Número 17

8 de Janeiro de 2022

CORPO, BELEZA E SAÚDE

Fantasia

Morticia

Fantasia I

Pareces uma camponesa portuguesa.
Isto dito por um dos meus melhores amigos, estrangeiro.
Que frase tão emblemática.
Como eram as camponesas portuguesas?
Não eram como eu.
É muito interessante que eu corresponda a uma ficção de camponesa portuguesa, para alguém estrangeiro.
Sou como alguém imagina uma camponesa portuguesa.
Sou um produto da imaginação alheia, e da minha própria imaginação.
Eu sei como eram as camponesas portuguesas e não eram assim.
Sei, porque sou neta de uma.
A fotografia dela tirei-a eu, revelei-a eu. Só vejo nela beleza, como sempre vi. Uma beleza triste, mas beleza.
A minha impressão duma camponesa portuguesa.
“A tua avó parece indígena”, disseram-me várias vezes.
Fantástico.
Eu pareço uma camponesa portuguesa, e as camponesas portuguesas parecem indígenas.
Na verdade, as minhas roupas não são de camponesa.
São roupas de trabalho, sim.
Batas um pouco mais elaboradas, mais bonitas, talvez porque eu seja mais bonita, ou as roupas o sejam.
Talvez eu seja mais bonita porque estou menos cansada.
Sou uma fantasia de camponesa.
Na verdade, essa fantasia é das criadas. Das serventes. Mais ou menos servis. Mais ou menos domésticas.
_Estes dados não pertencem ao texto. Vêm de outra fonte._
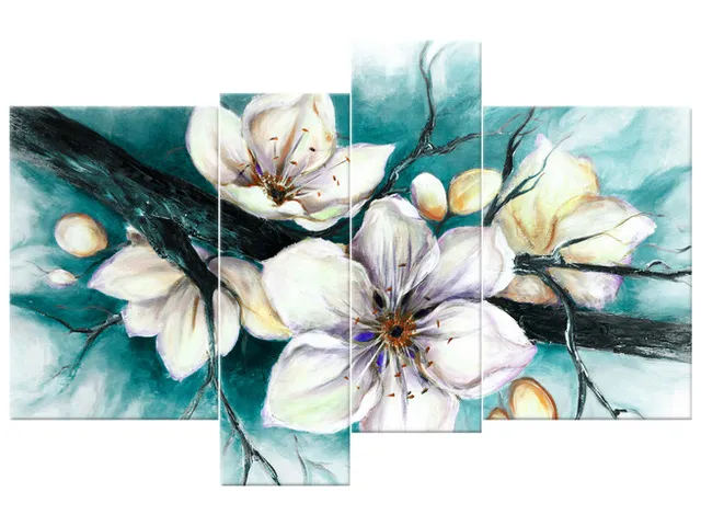 Luxusný obraz na stenu Puky višne v tyrkysovej
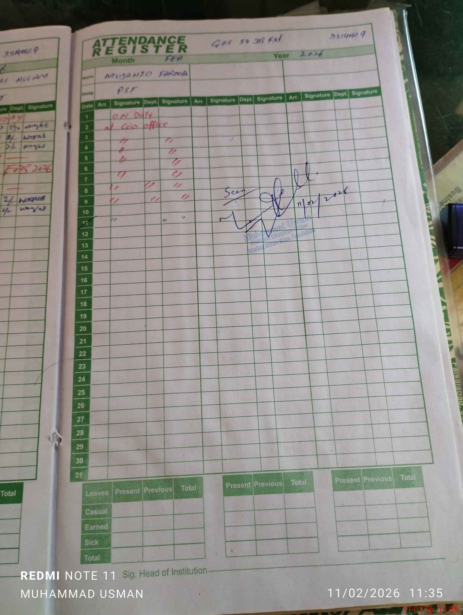 | Attendance Register | Head Teacher | MEA with School | Visit Proof |
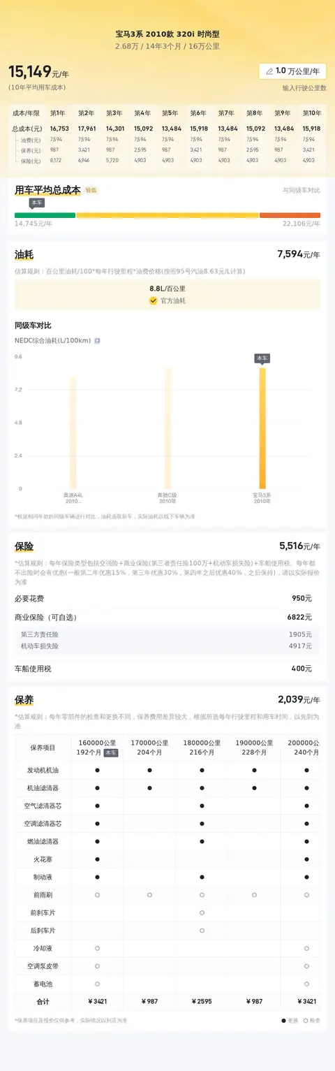 从目前的二手车市场行情来看,宝马3系 2010款 320i 时尚型的二手车行情大致在2.97万至3.78万之间,当然具体的售价会根据车辆状况而有所波动。根据估算,这辆车年均综合用车成本大概在每年1.5万元左右。
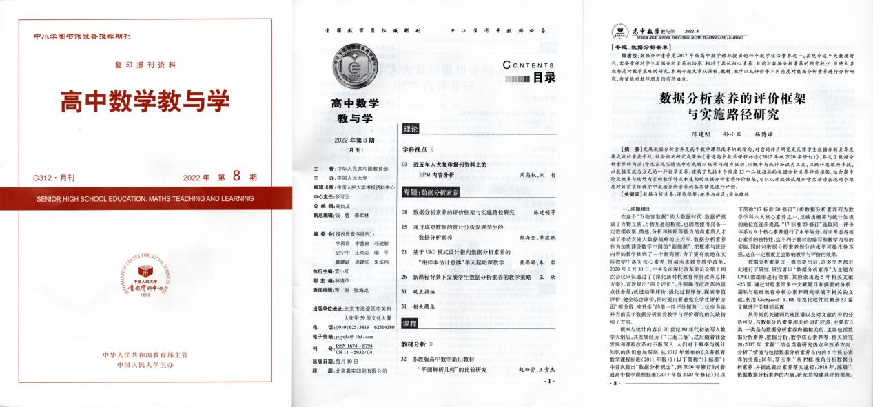 近日,公司Bsports必一体育孙小军教授研究团队完成的研究论文《数据分析素养的评价框架与实施路径研究》一文被中国人民大学复印报刊资料《高中数学教与学》2022年第8期全文转载,原文发表于《数学教育学报》(CSSCI来源期刊、全国中文核心期刊)2022年第2期。公司为该论文的独立完成单位及通讯单位,Bsports必一体育2019级学科教学(数学)研究生陈建明为第一作者,孙小军教授为通讯作者。

Mais ou menos bruxas.
A diferença entre elas e as senhoras era uma camada de tecido, que separava as que se sujavam das que não eram para sujar.
As camponesas eram outra coisa.
As camponesas existiam antes de a mulher ser inventada.


Fantasia II

A fantasia de crianças é feita para ser de conta.
Expande o mundo de forma ilimitada, com prazeres infinitos.
Ter lugar numa fantasia partilhada é ter um lugar no céu.
Fantasiar é um ato de conhecer.
Visto as pessoas com fantasias.
Doutor Enigma, o Homem Que Quer Ser Invisível, Capitão Nemo, Dorian Gray e Cândida Erêndira são alguns dos seres fantásticos que estou a conhecer. É assim que sou Aracne e Morticia e ninguém sabe quem mais virá, nem eu.
Ao crescer, as fantasias ficam mais perversas.
Ao crescer, esquecemos que são de faz-de-conta.
Ao crescer, abandonamos as nossas fantasias.
Ao crescer, damos corpo a fantasias alheias.
Ao envelhecer, as fantasias mudam.
Ao envelhecer, as fantasias são extintas.
Ao envelhecer, as fantasias são de outro mundo.
Ao envelhecer, não despimos o fato em que nos tornamos.
A realidade acumula os corpos das fantasias abandonadas.
Tantas figuras extintas que não sabemos como vestir.
Tantas figuras que ainda caminham sobre a terra.
Tantas mulheres abandonadas à eterna opressão.
Tantas mulheres sem outro refúgio além da igreja.
Tantas mulheres que nunca serão modernizadas nem pós-modernizadas.
Tantas mulheres cujos mundos ruíram.
Tantas mulheres afantásticas1 sem roupa nem costura.
Quem as pode salvar são as meninas.
As meninas que sabem costurar fantasias.